Quick per-language audit script

from datasets import load_dataset, Audio, get_dataset_config_names
import soundfile as sf
from pathlib import Path

CONFIGS = get_dataset_config_names("Sunbird/tts")
out_dir = Path("language_audit"); out_dir.mkdir(exist_ok=True)

for cfg in CONFIGS:
    ds = load_dataset("Sunbird/tts", cfg, split="test")
    ds = ds.cast_column("audio", Audio(sampling_rate=24000))
    row = ds[0]
    sid, text = row["speaker_id"], row["text"]
    print(f"{cfg}: {sid} -> {text[:80]}")
    wav = synthesize(text, speaker_id=sid, seed=0)
    sf.write(out_dir / f"{cfg}_{sid}.wav", wav, 24000)
    sf.write(out_dir / f"{cfg}_{sid}_groundtruth.wav",
             row["audio"]["array"], 24000)

---

Hardware requirements

Mode	Min VRAM	Recommended
transformers + Unsloth, fp16	8 GB (with load_in_4bit=True)	16 GB
transformers + Unsloth, bf16	14 GB	24 GB
vLLM, bf16, max_model_len=4096	14 GB	24 GB

Audio decoding via SNAC runs on CPU and adds ~50–150 ms per utterance.

---

License & attribution

This fine-tune is released under Apache-2.0, matching the upstream unsloth/orpheus-3b-0.1-pretrained license. It transitively inherits obligations from:

• The Orpheus-TTS project (CanopyAI).
• The Llama-3 base architecture and weights — Meta Llama 3 Community License.
• The SNAC audio codec (Hubert Siuzdak, MIT).
• The Sunbird/tts dataset and the SALT voice donors who contributed recordings.
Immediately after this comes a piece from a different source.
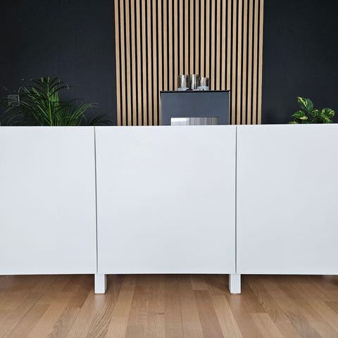 Bestå skänk vit med glas dörrar! Helt nytt! Så i väldigt fint skick! Säljes till högstbjudande!

If you redistribute the merged weights, please carry these attributions forward.

---

Citation

If you use this model in your work, please cite both the dataset and the fine-tuning project:

@misc{sunbird_orpheus3b_multilingual_2026,
  title        = {Orpheus-3B Sunbird Multilingual TTS},
  author       = {Sunbird AI},
  year         = {2026},
  howpublished = {\url{https://huggingface.co/sunbird/orpheus-3b-tts-multilingual}},
}

@misc{sunbird_tts_dataset,
  title        = {Sunbird Speech Dataset},
  author       = {Sunbird AI},
  howpublished = {\url{https://huggingface.co/datasets/Sunbird/tts}},
}

@misc{orpheus_tts_2025,
  title        = {Orpheus-TTS},
  author       = {Canopy Labs},
  year         = {2025},
  howpublished = {\url{https://github.com/canopyai/Orpheus-TTS}},
}

---

Single-speaker variant

If you only need one specific voice and want a smaller, more focused checkpoint, see sunbird/orpheus-3b-tts-salt-lug-0001 — same recipe, scoped to a single Luganda speaker.